Pourquoi le triomphe d'Erdogan est aussi une victoire pour l'Afrique / Photo: AA (AA)

Du Nigeria à la Somalie, de l'Algérie à l'Afrique du Sud, l'empreinte d'Erdogan en matière de développement, de progrès économique et de stabilité politique est très présente.

Adamu Usman, de l'État de Gombe, dans le nord-est du Nigeria, a réagi à la réélection de M. Erdogan avec allégresse sur les réseaux sociaux, qualifiant le dirigeant turc de "notre héros (africain)".

Pour Mohamed Abdi, de Somalie, le président a rendu la Turquie "grande et prospère".

Des millions de commentaires ont été publiés en ligne pour féliciter M. Erdogan pour sa victoire décisive, chacun d'entre eux décrivant l'impact que le leadership du président a eu sur lui.

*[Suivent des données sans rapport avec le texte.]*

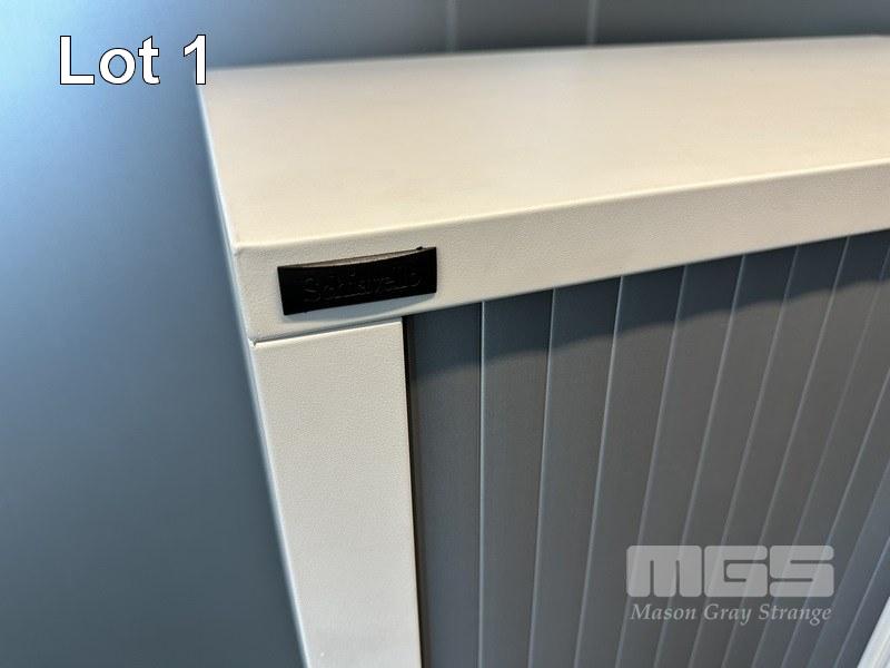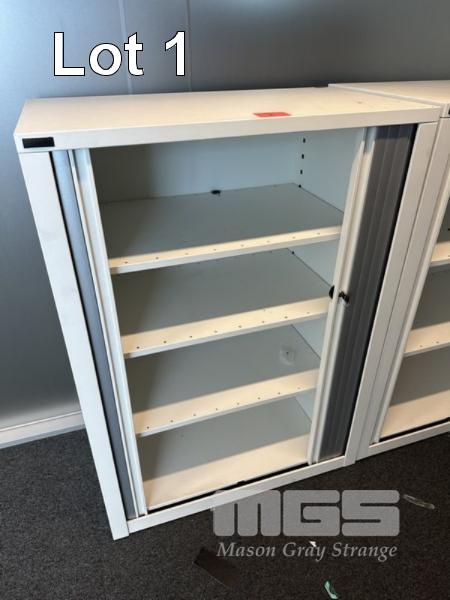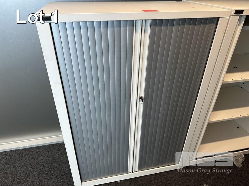 STEEL CABINET, SCHIAVELLO, TAMBOUR DOOR, WHITE, 125 x 90cm WITH KEY

Le président de la Commission de l'Union africaine, Moussa Faki Mahamat, a tweeté que la victoire de M. Erdogan permettait à l'Union africaine et à la Turquie de continuer à "renforcer les partenariats stratégiques dans l'intérêt de nos peuples".

Une énergie renouvelée

Mais pourquoi la victoire d'Erdogan est-elle si importante pour les pays africains ? Gitile Naituli, professeur de gestion et de leadership à la Multimedia University of Kenya, estime que le maintien d'Erdogan à la tête de la Turquie est "très bon pour l'Afrique".

"Sa victoire donne à la Turquie la possibilité d'étendre sa présence en Afrique. Au fil des ans, le continent a beaucoup bénéficié de la Turquie, et cela a été possible grâce à Erdogan", explique-t-il.

L'académicien considère qu'un nouveau dirigeant aurait "pris beaucoup de temps pour apprendre et s'adapter aux besoins immédiats et à long terme de l'Afrique et de son peuple".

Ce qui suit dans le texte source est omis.